■ Task brief ■
Transcribe, starting at the line with "套房主卧配置独立卫生间,是致" and ending at the line with "Four different Mechs", every line of the material below exactly, but leave out the pictures and anything outside that span.

- Opening Delimiter -

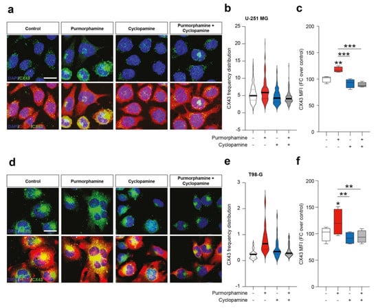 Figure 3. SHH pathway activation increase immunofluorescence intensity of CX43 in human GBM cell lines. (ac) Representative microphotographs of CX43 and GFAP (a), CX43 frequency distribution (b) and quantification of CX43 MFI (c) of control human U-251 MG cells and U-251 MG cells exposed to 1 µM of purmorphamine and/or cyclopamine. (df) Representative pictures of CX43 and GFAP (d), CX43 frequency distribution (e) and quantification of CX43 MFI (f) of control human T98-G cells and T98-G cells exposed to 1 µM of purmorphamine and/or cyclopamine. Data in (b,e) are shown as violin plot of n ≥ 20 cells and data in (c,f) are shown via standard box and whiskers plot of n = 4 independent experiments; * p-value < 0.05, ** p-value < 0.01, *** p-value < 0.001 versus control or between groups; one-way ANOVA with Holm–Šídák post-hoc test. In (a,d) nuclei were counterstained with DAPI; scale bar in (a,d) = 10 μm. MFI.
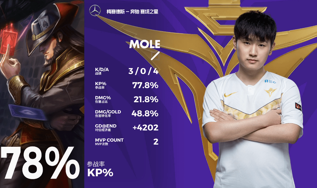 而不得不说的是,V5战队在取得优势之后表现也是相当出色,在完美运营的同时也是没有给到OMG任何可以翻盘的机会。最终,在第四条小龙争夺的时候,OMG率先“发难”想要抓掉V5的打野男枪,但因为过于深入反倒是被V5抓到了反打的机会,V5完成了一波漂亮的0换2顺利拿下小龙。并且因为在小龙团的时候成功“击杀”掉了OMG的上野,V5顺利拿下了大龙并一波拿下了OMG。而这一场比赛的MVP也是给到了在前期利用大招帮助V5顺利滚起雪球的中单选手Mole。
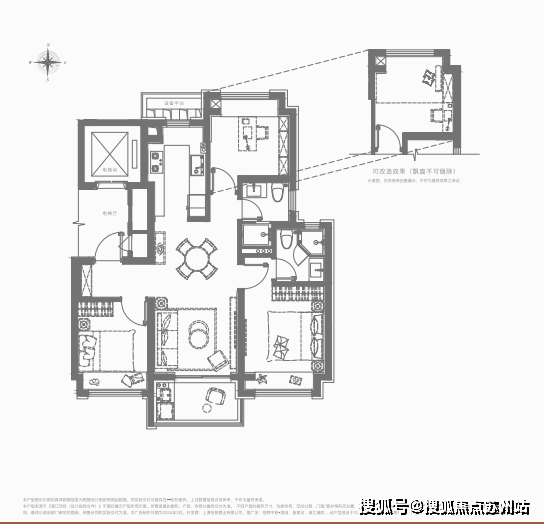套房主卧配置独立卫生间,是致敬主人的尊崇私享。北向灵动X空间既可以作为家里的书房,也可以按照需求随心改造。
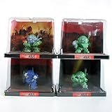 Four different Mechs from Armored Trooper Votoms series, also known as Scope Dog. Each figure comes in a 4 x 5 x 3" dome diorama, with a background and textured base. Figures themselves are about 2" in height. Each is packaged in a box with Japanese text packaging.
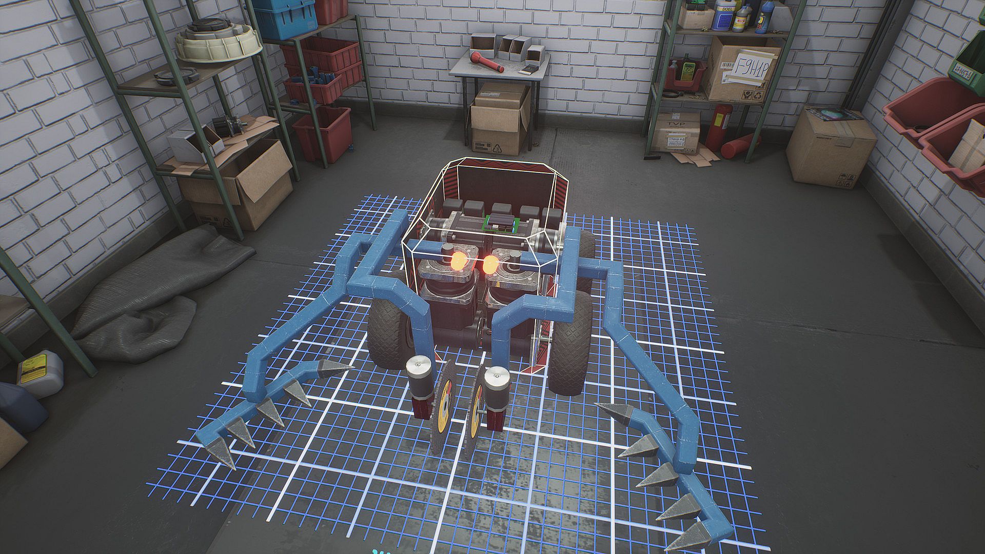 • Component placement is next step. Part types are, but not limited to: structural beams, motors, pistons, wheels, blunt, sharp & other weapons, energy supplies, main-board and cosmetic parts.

- Closing Delimiter -

■ Task result ■
套房主卧配置独立卫生间,是致敬主人的尊崇私享。北向灵动X空间既可以作为家里的书房,也可以按照需求随心改造。
 Four different Mechs from Armored Trooper Votoms series, also known as Scope Dog. Each figure comes in a 4 x 5 x 3" dome diorama, with a background and textured base. Figures themselves are about 2" in height. Each is packaged in a box with Japanese text packaging.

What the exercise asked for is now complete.